As a preliminary matter, the Court addresses the parties' requests for judicial notice of documents submitted in connection with the motion to dismiss. Nationstar filed a request for judicial notice in support of its motion to dismiss, Dkt. No. 16-1 ("February 14 RJN"), and in support of its reply, Dkt. No. 31-1 ("April 11 RJN"). In addition, at the hearing on the motion to dismiss, Nationstar stated that it seeks judicial notice of the documents submitted in connection with its motion to dismiss the original complaint which was withdrawn by Nationstar due to the filing of the first amended complaint ("January 29 RJN"). See Dkt. Nos. 7, 7-2, 7-3, 7-4, 12. O'Connor also attaches voluminous exhibits to his opposition to the motion to dismiss, which the Court construes as a request for judicial notice ("April 4 RJN"). Dkt. No. 29 at 24-115, 29-1. The documents subject to the parties' requests for judicial notice are voluminous and duplicative. In addition, while both parties oppose each other's requests for judicial notice, they seek judicial notice of some of the same documents. See, e.g., Exhibit A to Nationstar's February 14 RJN and Exhibit E to O'Connor's April 4 RJN (Deed of Trust recorded April 23, 2007); Exhibits G-H to Nationstar's January 29 RJN and Exhibit F to O'Connor's April 4 RJN (complaint and judgment of dismissal in O'Connor's state court action).

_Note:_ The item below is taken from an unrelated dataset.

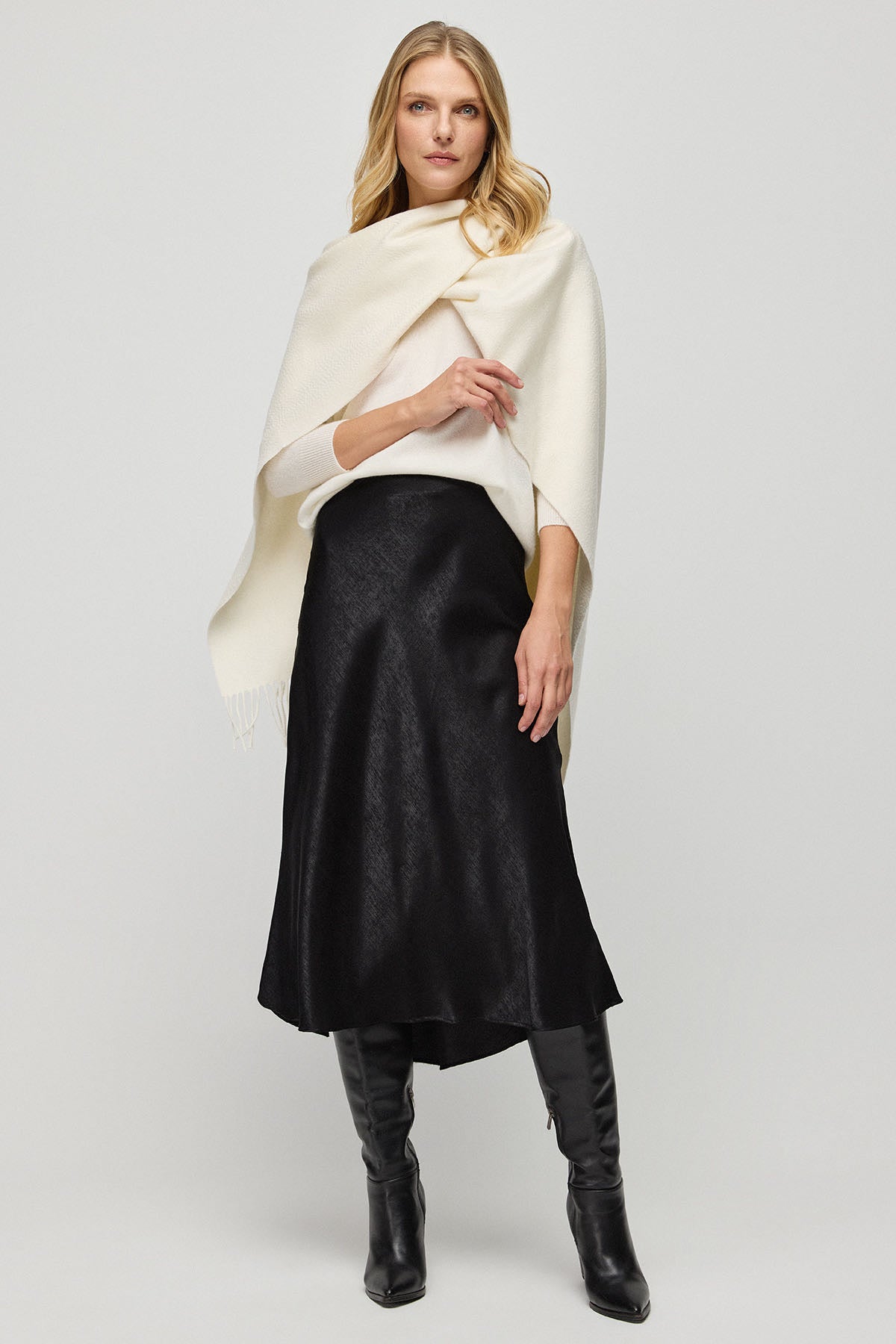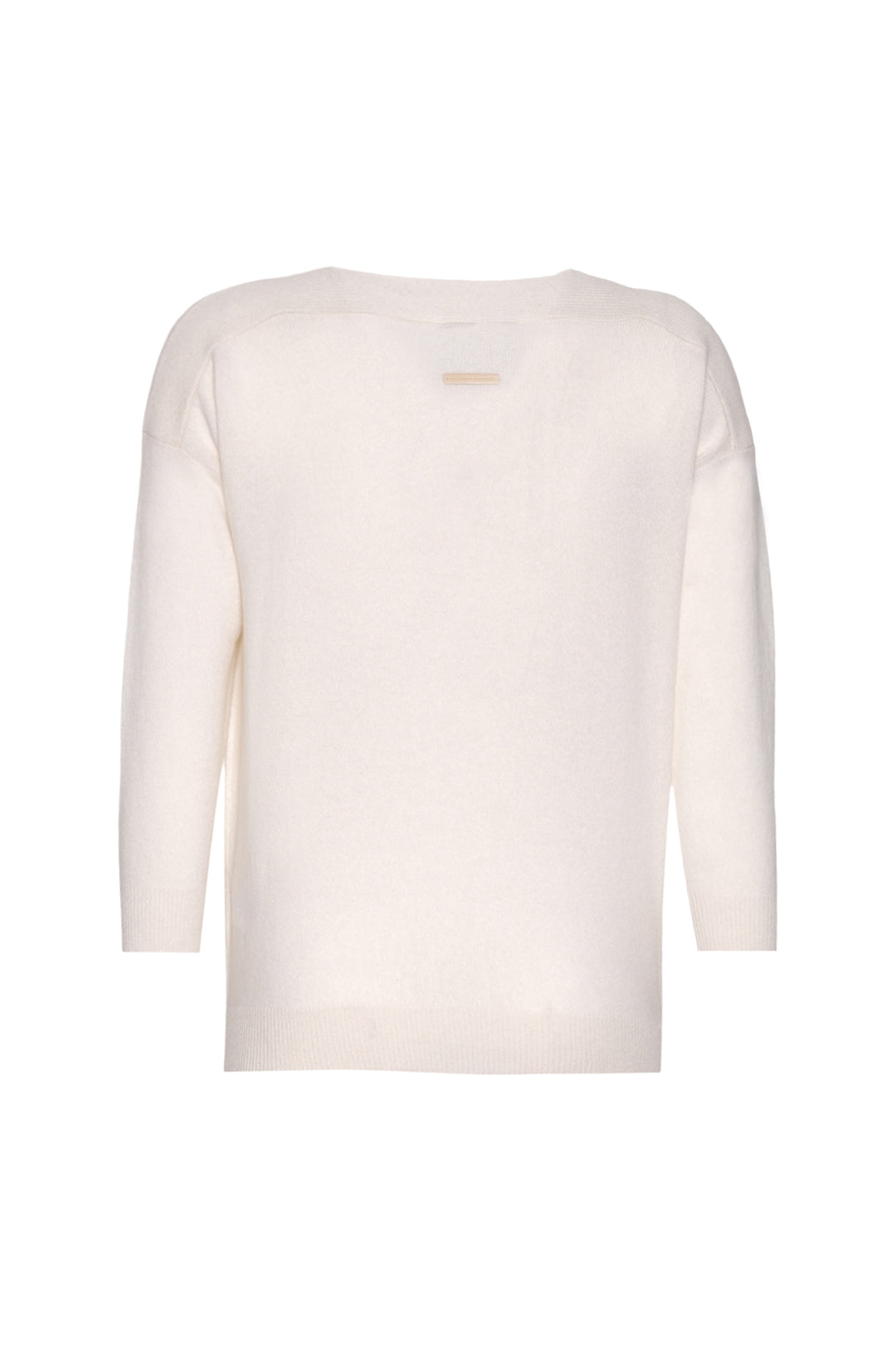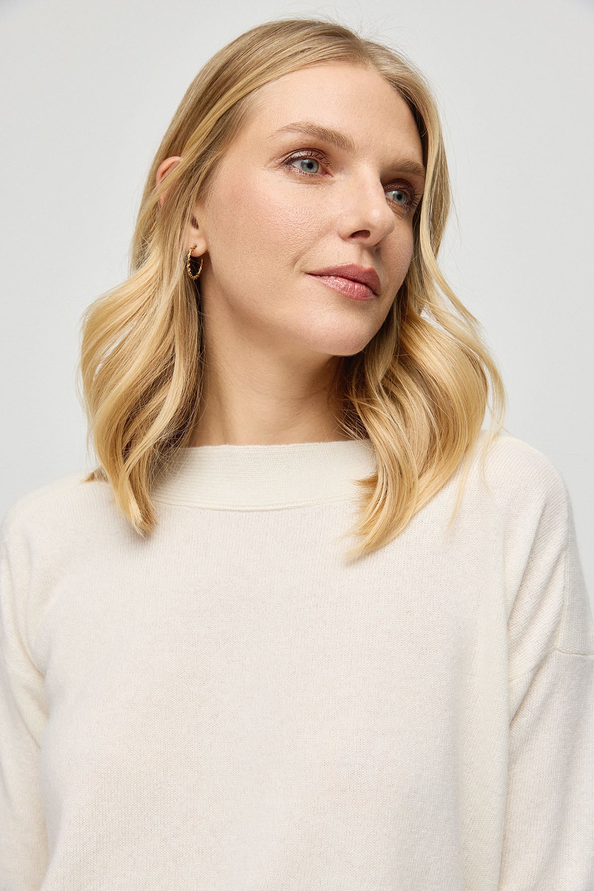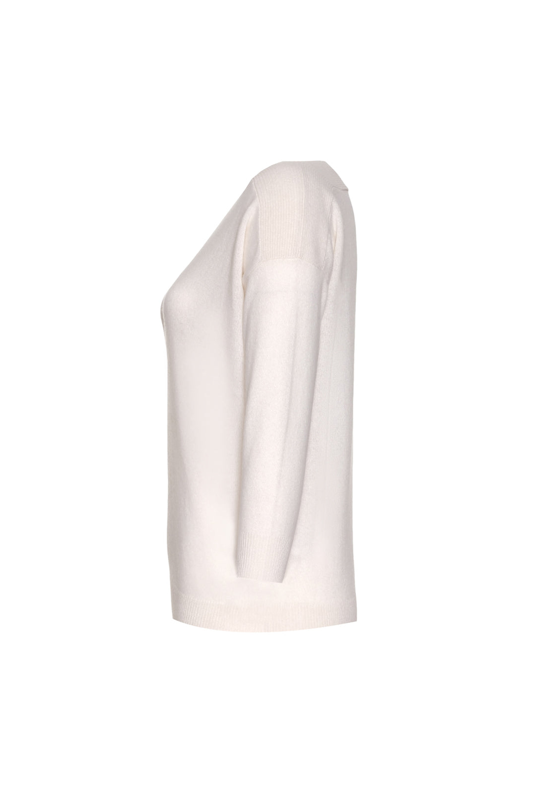 Beyaz Saf Kaşmir Isabella Kayık Yaka Kadın Kazak

Generally, a court may not look to matters beyond the complaint without converting a motion to dismiss into one for summary judgment. Datel Holdings Ltd. v. Microsoft Corp., 712 F.Supp.2d 974, 983 (N.D. Cal. 2010) (citations omitted). However, a court may take judicial notice of material that is submitted as part of the complaint, or is necessarily relied upon by the complaint, as well as matters of public record. Lee v. City of L.A., 250 F.3d 668, 688-89 (9th Cir. 2001). Under Federal Rule of Evidence 201(b), "a judicially noticed fact must be one not subject to reasonable dispute that is either (1) generally known within the territorial jurisdiction of the trial court; or (2) capable of accurate determination by resort to sources whose accuracy cannot reasonably be questioned." Datel Holdings, 712 F.Supp.2d at 983. A court may "take judicial notice of undisputed matters of public record, including documents on file in federal or state courts." Harris v. Cnty. of Orange, 682 F.3d 1126, 1132 (9th Cir. 2012) (internal citation omitted).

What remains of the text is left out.